Si es de día:

Mire el sol y ubique los cuatro puntos cardinales para saber a dónde debe ir. Recuerde que este sale por el oriente y se pone al occidente.

Busque un río o quebrada y sígala en la misma dirección de la corriente; eventualmente llegará a un claro o encontrará la desembocadura a un lago, lugares donde generalmente hay caceríos de indígenas que estarán dispuestos a ayudarlo.

Si es de noche:

Ni siquiera intente caminar.

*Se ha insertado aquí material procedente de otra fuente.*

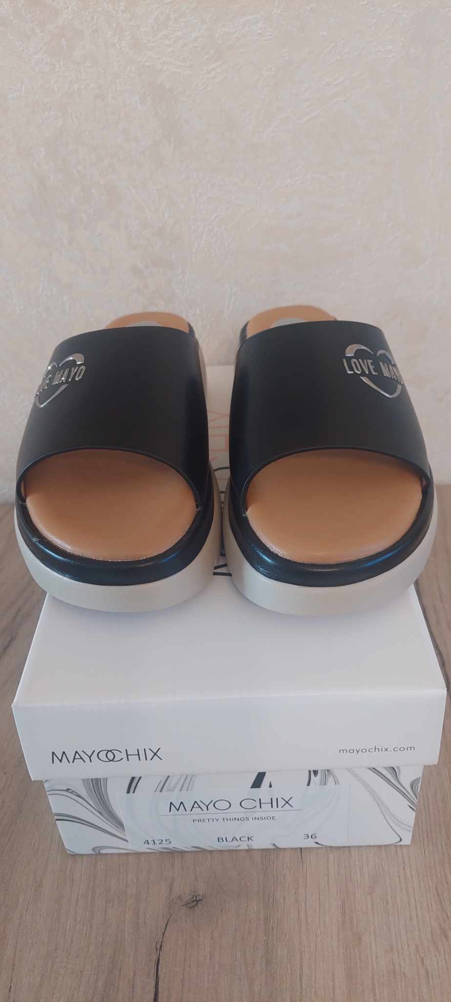 Mayo Chix papucs fekete színben, emelt talppal , szintetikus felső és belsőrésszel.
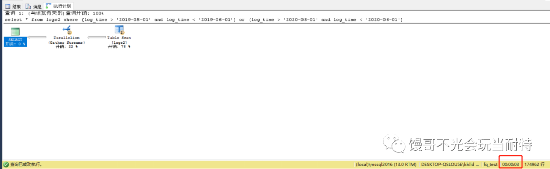 我們的測(cè)試方案:新建一張log2表,使用上面的代碼按年份寫入2000000數(shù)據(jù)。然后使用select語句同時(shí)讀取2019,2020年的數(shù)據(jù)。把log表轉(zhuǎn)換成分區(qū)表,重新測(cè)試select的時(shí)間。比較兩次讀取數(shù)據(jù)的時(shí)間。
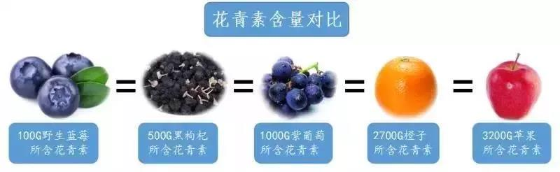 野生蓝莓的营养价值比人工种植蓝莓高得多。100克野生蓝莓的花青素含量是人工种植蓝莓的5倍,相当于500克黑枸杞所含的花青素,1000克紫葡萄的花青素,是自然界中花青素含量最高的果实,被誉为极地浆果中的不老灵丹。
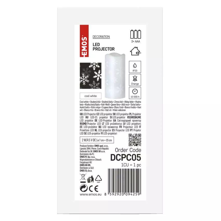 Projektor LED śnieżynki , 3x AAA / USB, zimna biel IP20
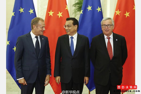 新華網(wǎng)北京7月12日電國務院總理李克強12日下午與歐洲理事會主席圖斯克、歐盟委員會主席容克共同主持第十八次中國歐盟領導人會晤。雙方就鞏固中歐政治互信、穩(wěn)步落實合作共識、加強國際和地區(qū)事務中的溝通與協(xié)調等深入交換意見。(據(jù)新華社“新華視點”微博報道)
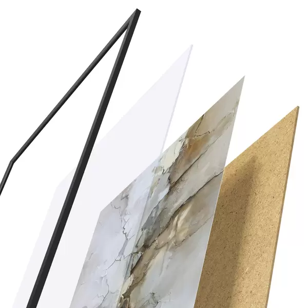 Plakát se skládá z rámu, plexiskla, tištěného obrazu a dřevotřískového podkladu. Díky úchytům na zadní straně lze plakát ihned zavěsit na zeď.
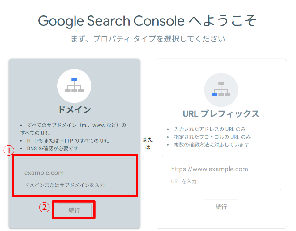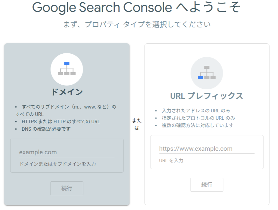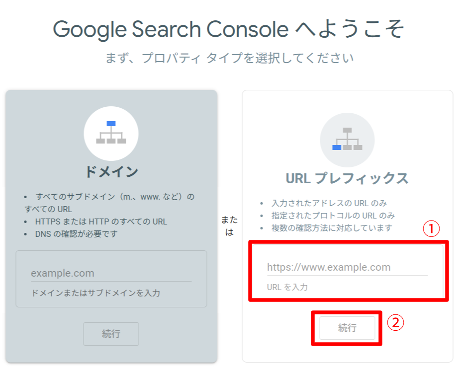 次に、あなたのWebサイトのURLを入力します。このとき、登録方法として「ドメイン」か「URLプレフィックス」のどちらかのプロパティを選ぶ必要があります。
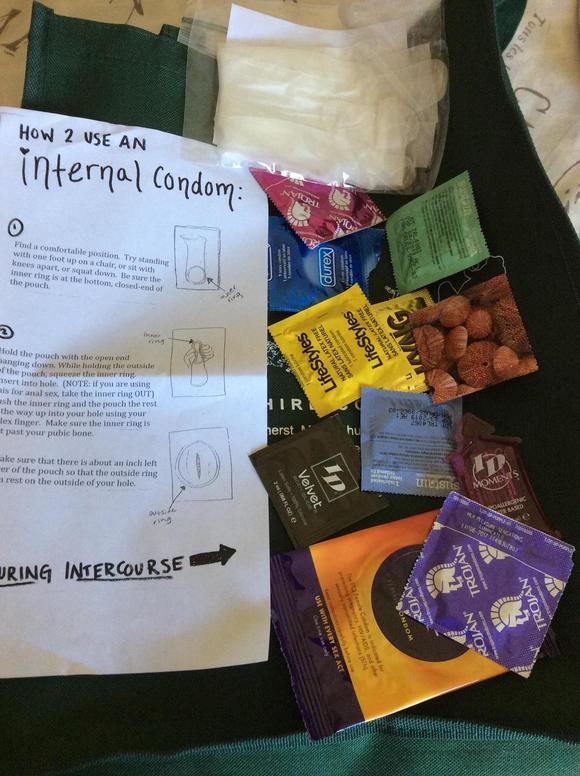 当九月份Hampshire College的学生们第一次走进这个新英格兰地区风景如画的校园的时候,他们像世界各地的大学生一样收到了装有各种贴心物品的welcome bag。翻开包,里边有短期用的洗漱用品、洗衣粉、急救包、文具、零食、饮料。但是,等等,一个透明袋子里装的东西却格外显眼,许多学生拿出来的时候都吃了一惊,不可思议地说着“What?!"

La selva es un lugar demasiado oscuro por la tupidez de los árboles y, por ende, peligroso.

Arme un cambuche como pueda. A mayor altura, mucho mejor. Si puede hacer fuego ahuyentará a los animales peligrosos, aunque atraerá más a los mosquitos y otros insectos molestos.

En ambos casos:

Mire muy bien dónde pisa y de dónde se agarra. Hay muchos animales mimetizados —como las serpientes— que al menor contacto no dudarán en atacar.

Si tiene mucha hambre no coma nada que no conozca; podría ser venenoso. En ese caso observe qué frutos comen los micos y los pájaros y aliméntese de lo mismo.

No entre en pánico por los ruidos de la selva. Muchos animales e insectos son escandalosos, pero no pasa de ser solo eso: un ruido molesto.

Nota: Nunca se interne sin un guía. En caso contrario, haga marcas con ramas a medida que avanza. Ni la lluvia las borrará. Lleve siempre un machete o un cuchillo. Son clave para armar chozas improvisadas e incluso para hacer lanzas que le permitan cazar.